En noviembre del año pasado (antes que asumieran Milei y Caputo), una familia de dos adultos y dos hijos pequeños necesitaba $182.905,48 para adquirir sus alimentos básicos. En marzo, precisó para cubrir los mismos alimentos $ 346.927,24, o sea 89,68% más que antes de este gobierno. Los valores de la Canasta Básica Total (CBT) que además de los alimentos considera productos indispensables para la vida cotidiana (salud, educación, transporte, tarifas del hogar, etc.), la familia de cuatro integrantes que en noviembre necesitaba 393.246,07, en marzo pasado requirió 742.424,29, o sea que sumó 349.178,22 (89,79 %) para solventar los mismos gastos.

No hay dudas de que para el grueso de la población, los signos de derrumbe de ingresos son visibles. De acuerdo a la consultora Focus Market, el consumo masivo se derrumbó un 19% en marzo a nivel interanual y del 2,5% respecto a febrero. La cantidad de tickets cayeron 4,5 % frente al mes anterior y 10,5 % frente al año anterior. El área Metropolitana e Interior acompañaron la tendencia con un retroceso del -0,6% y -3,5% respectivamente respecto de febrero. Por su parte, en forma interanual, el consumo masivo cayó 21,1 % en el área metropolitana y 17,9% en el interior del país.

Las cifras son tan contundentes que ni el Gobierno ni sus más férreos defensores -reales y virtuales- niegan la recesión económica y el derrumbe del consumo. Pero siguen apostando por el clima de tolerancia social que aún persiste en un sector importante de la sociedad, incluso entre los que se reconocen en una difícil situación económica. Según la última encuesta de RDT Consultores, más del 20% de los que dicen estar en una situación «mala» están dispuestos a esperar entre 3 y 6 meses por la recuperación tan prometida por Milei y Caputo.
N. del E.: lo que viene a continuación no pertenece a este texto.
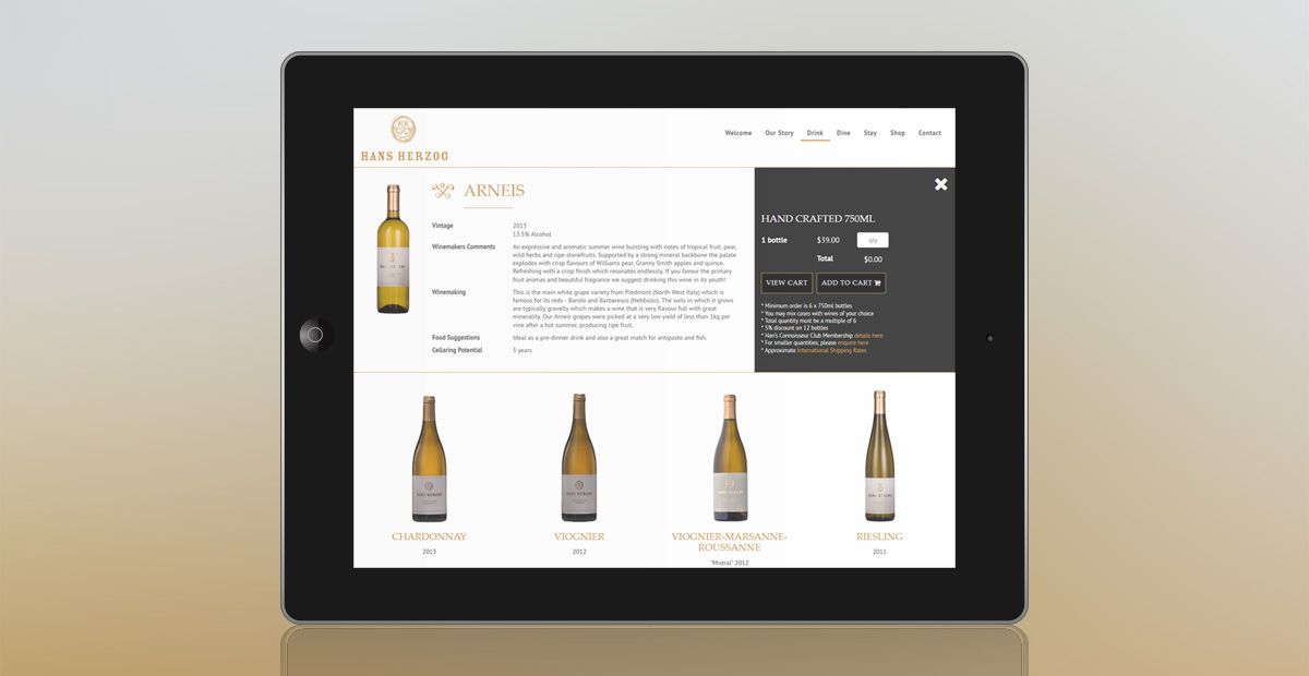 As one of the foremost estates in the country, Hans Herzog’s team wanted a website that would tell their great story and show their passion for good wine and food. Functionality included a shop section to allow visitors to view and order wine.

La cifra supera el 28% entre los que se reconocen en una situación «difícil». En un contexto de ajuste generalizado, despidos masivos, sueldos pisados y jubilaciones retrasadas, el aumento de asignaciones familiares por encima de la inflación es un dato necesario para intentar entender el clima social en las calles.